▼

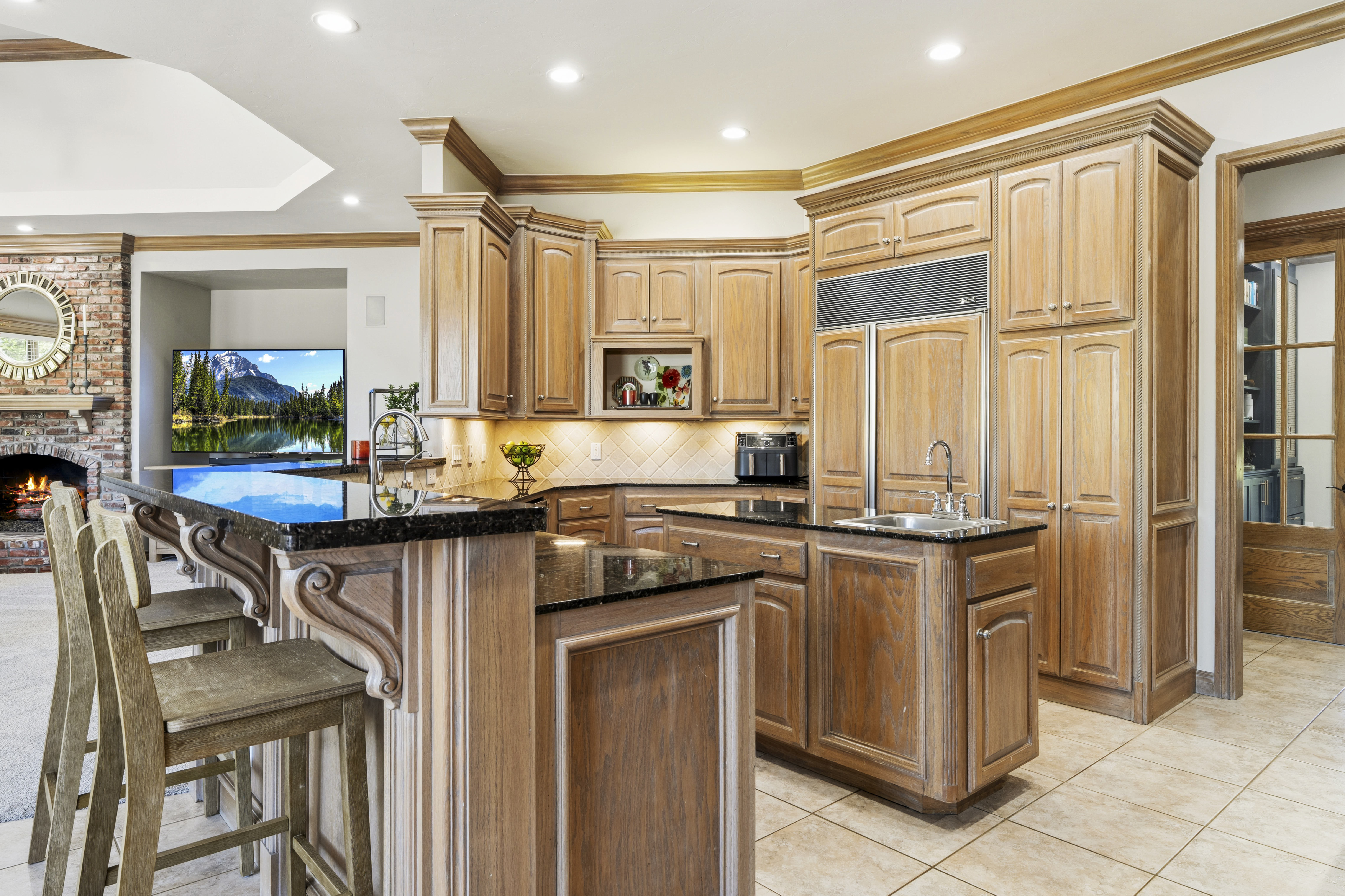 Welcome to 18632 Wolf Creek, a timeless design paired with modern livability in this truly exceptional residence. Positioned on a prominent corner lot spanning over half an acre within the highly sought-after, security gated community of Mulholland. The layout is designed for both daily living and effortless entertaining, with a spacious central family room that connects seamlessly to the kitchen and breakfast nook. The gourmet kitchen is thoughtfully appointed with updated appliances, double ovens, expansive counter space, sub zero refrigerator, and abundant storage equally suited for intimate meals or larger gatherings. A front room off the entry offers flexibility as a formal living or dining space, while a stunning dedicated study with built-in bookcases and storage provides a functional work or library setting. The recently reimagined primary suite serves as a private retreat, highlighted by a designer-crafted built-in with refined cabinetry and tailored storage. A downstairs guest suite with ensuite bath provides comfort and privacy for visitors, while three additional upstairs bedrooms include one with a private ensuite and two connected by a Jack-and-Jill bath. A spacious bonus room adds flexibility for recreation or relaxation. This home is equipped with a full suite of smart technology, including a whole-house generator, Starlink Wi-Fi, app-controlled exterior lighting and sprinkler system, Google Nest cameras, and MyQ garage access. Outdoors, mature trees line the back of the property, creating a private and serene setting. The pool provides a strong foundation for a future outdoor retreat, with both the pool and landscaping supported by well water offering efficiency without compromise. Additional features include a 375 sq ft (MOL) heated and cooled storage space, accessible from the fifth bedroom or via a walk-up staircase from the garage suited for storage, hobbies, or workspace. This is truly one you won’t want to miss, schedule your showing today!
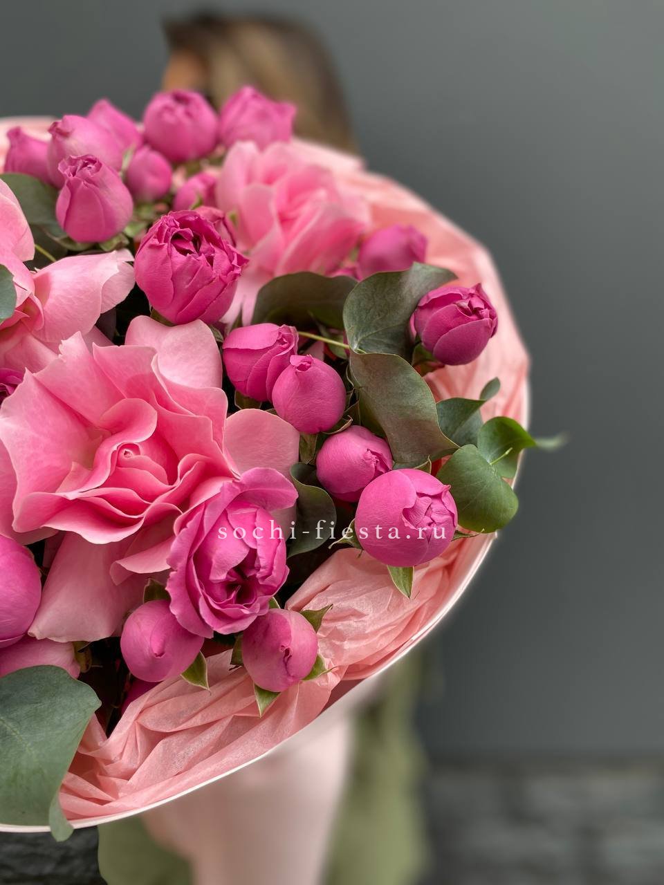 диантус, бомбастик, белые розы, эвкалипт, эустома, упаковка.
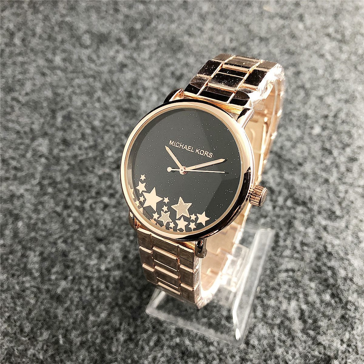The design style of MK watches combines fashion and luxury, emphasizing the presentation of details and craftsmanship.

▲

▶ _Work to be completed_:
Say again, word for word, every line from the one with "диантус, бомбастик, белые" through the last line of the data above, minus the pictures.

▶ _Expected answer_:
 диантус, бомбастик, белые розы, эвкалипт, эустома, упаковка.
The design style of MK watches combines fashion and luxury, emphasizing the presentation of details and craftsmanship.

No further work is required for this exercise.